(Data to process):
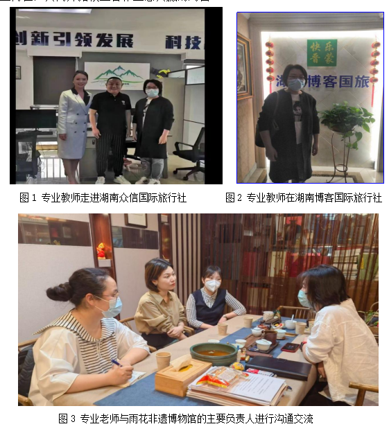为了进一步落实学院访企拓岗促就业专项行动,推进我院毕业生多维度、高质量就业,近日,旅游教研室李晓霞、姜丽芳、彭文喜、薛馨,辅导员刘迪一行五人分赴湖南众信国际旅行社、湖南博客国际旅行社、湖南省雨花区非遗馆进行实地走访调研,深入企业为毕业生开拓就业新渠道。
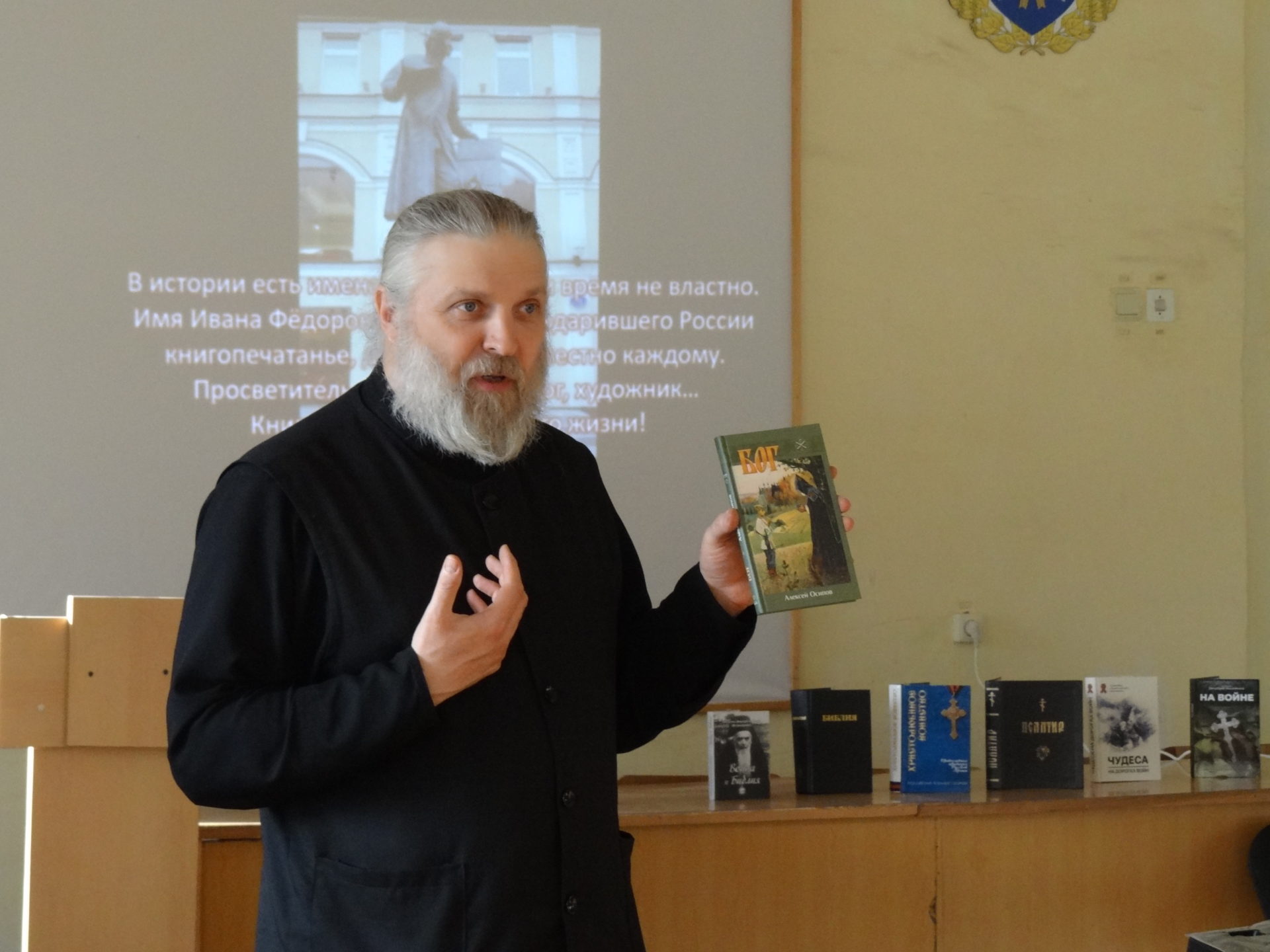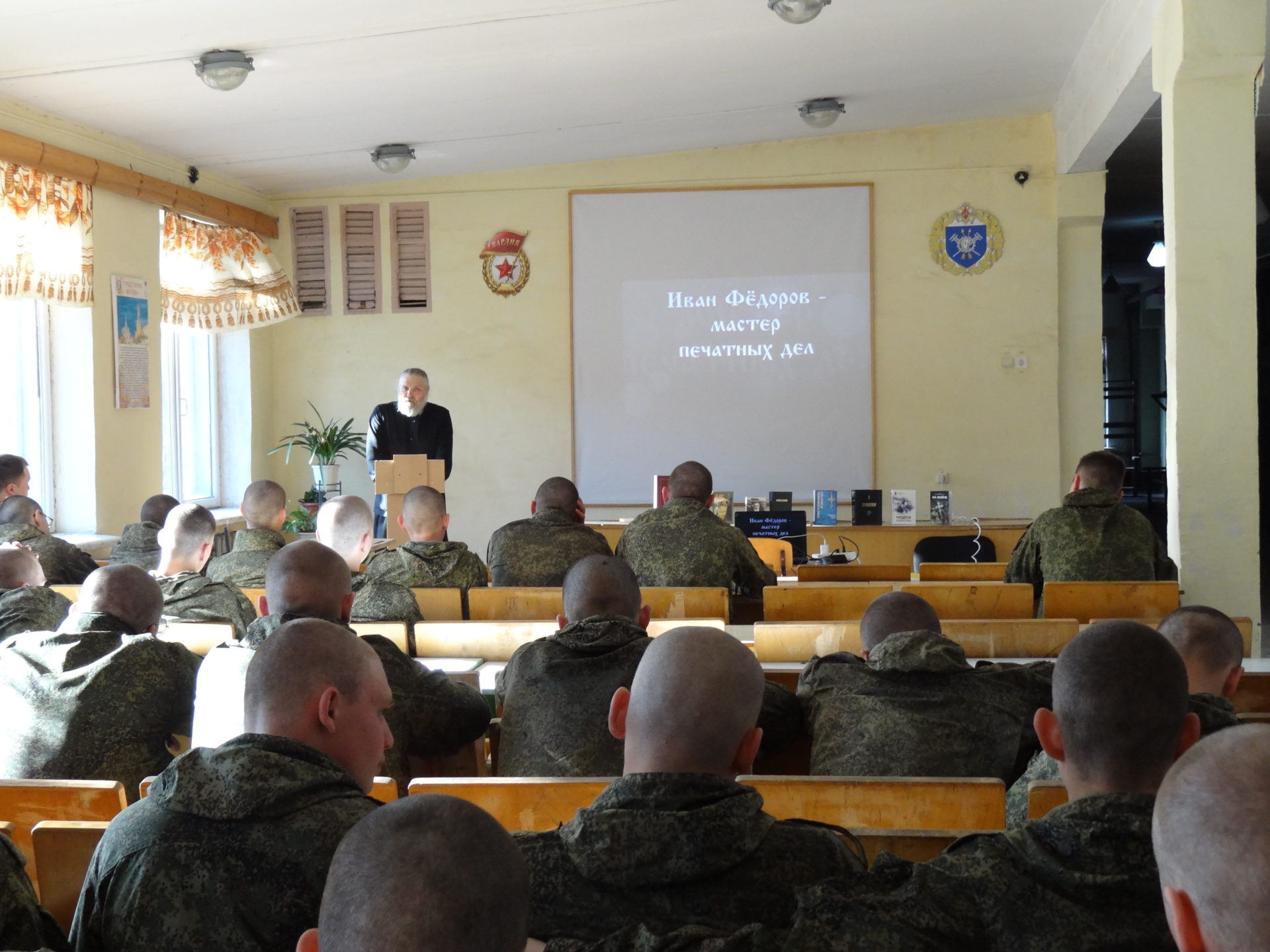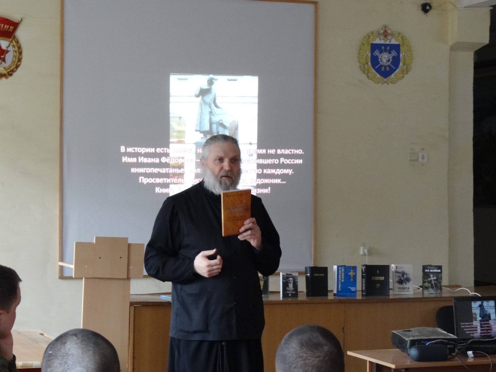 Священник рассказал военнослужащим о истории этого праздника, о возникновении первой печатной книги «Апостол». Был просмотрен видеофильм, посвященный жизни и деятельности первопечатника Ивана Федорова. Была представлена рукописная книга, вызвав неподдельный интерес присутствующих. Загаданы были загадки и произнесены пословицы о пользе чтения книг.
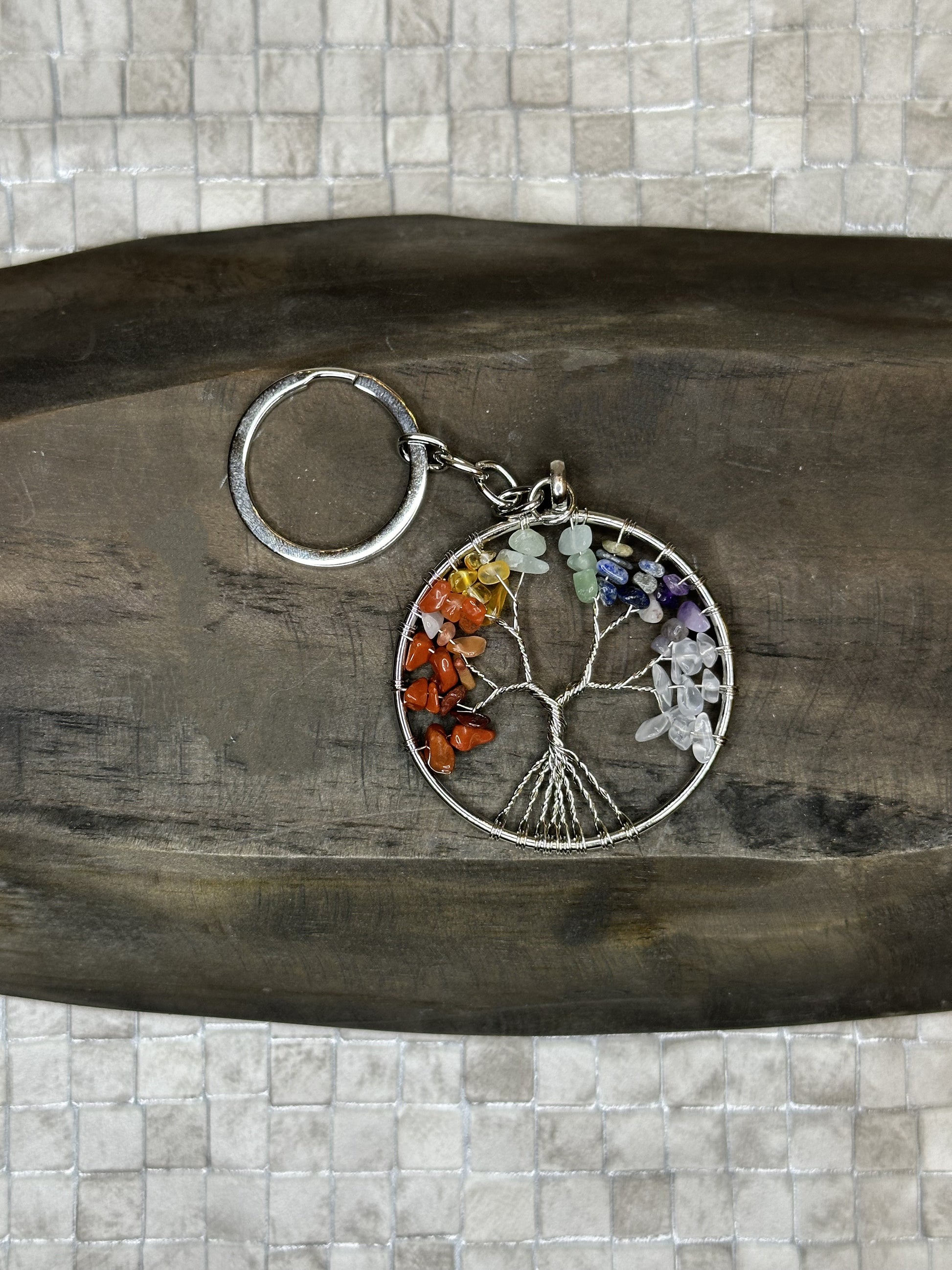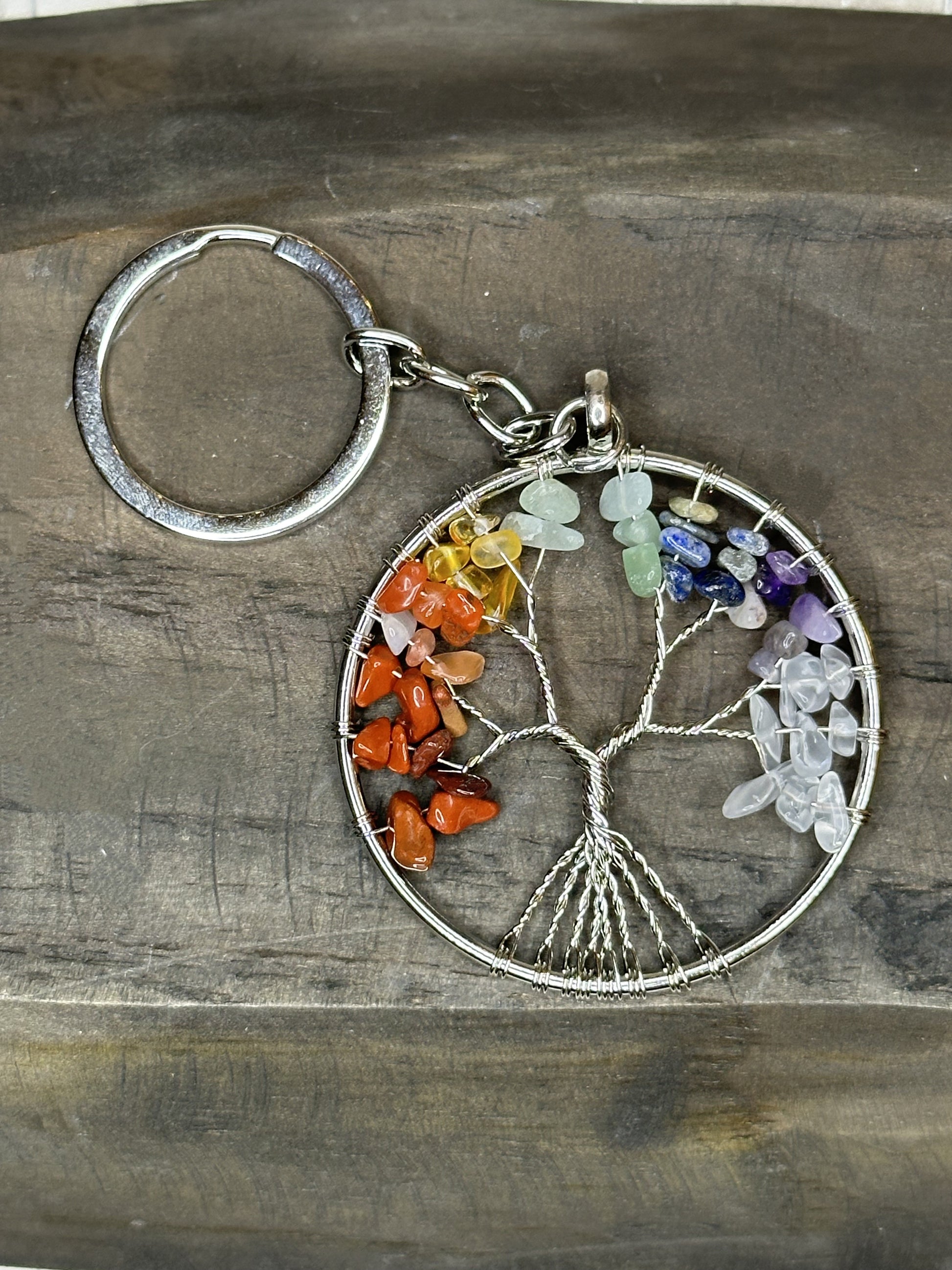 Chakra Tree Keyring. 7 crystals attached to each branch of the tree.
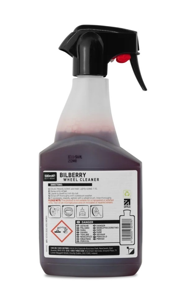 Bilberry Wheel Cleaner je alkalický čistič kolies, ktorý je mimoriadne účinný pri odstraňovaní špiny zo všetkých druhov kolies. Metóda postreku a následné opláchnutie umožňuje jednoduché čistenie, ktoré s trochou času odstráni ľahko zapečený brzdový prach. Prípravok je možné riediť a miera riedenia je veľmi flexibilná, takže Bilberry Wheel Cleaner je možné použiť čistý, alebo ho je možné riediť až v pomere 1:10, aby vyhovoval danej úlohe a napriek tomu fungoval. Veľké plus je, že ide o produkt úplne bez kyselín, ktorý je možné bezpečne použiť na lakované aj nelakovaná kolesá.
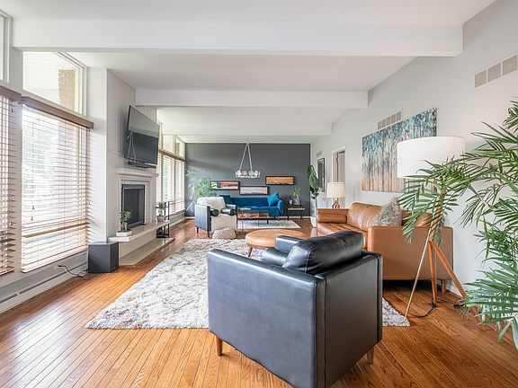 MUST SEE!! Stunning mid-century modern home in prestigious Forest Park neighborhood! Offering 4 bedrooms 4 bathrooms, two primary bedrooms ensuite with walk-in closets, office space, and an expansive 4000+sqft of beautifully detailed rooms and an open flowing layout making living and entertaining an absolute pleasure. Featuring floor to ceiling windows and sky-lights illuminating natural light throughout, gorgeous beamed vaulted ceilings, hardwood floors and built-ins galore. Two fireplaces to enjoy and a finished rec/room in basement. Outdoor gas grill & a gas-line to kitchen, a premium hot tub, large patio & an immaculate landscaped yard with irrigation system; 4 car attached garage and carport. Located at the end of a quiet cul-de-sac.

(Directions): All lines above starting at the one with "Священник рассказал военнослужащим" and ending at the one with "Bilberry Wheel Cleaner je alkalický", inclusive, are to be printed again exactly, with the pictures left out.

(The completed task):
 Священник рассказал военнослужащим о истории этого праздника, о возникновении первой печатной книги «Апостол». Был просмотрен видеофильм, посвященный жизни и деятельности первопечатника Ивана Федорова. Была представлена рукописная книга, вызвав неподдельный интерес присутствующих. Загаданы были загадки и произнесены пословицы о пользе чтения книг.
 Chakra Tree Keyring. 7 crystals attached to each branch of the tree.
 Bilberry Wheel Cleaner je alkalický čistič kolies, ktorý je mimoriadne účinný pri odstraňovaní špiny zo všetkých druhov kolies. Metóda postreku a následné opláchnutie umožňuje jednoduché čistenie, ktoré s trochou času odstráni ľahko zapečený brzdový prach. Prípravok je možné riediť a miera riedenia je veľmi flexibilná, takže Bilberry Wheel Cleaner je možné použiť čistý, alebo ho je možné riediť až v pomere 1:10, aby vyhovoval danej úlohe a napriek tomu fungoval. Veľké plus je, že ide o produkt úplne bez kyselín, ktorý je možné bezpečne použiť na lakované aj nelakovaná kolesá.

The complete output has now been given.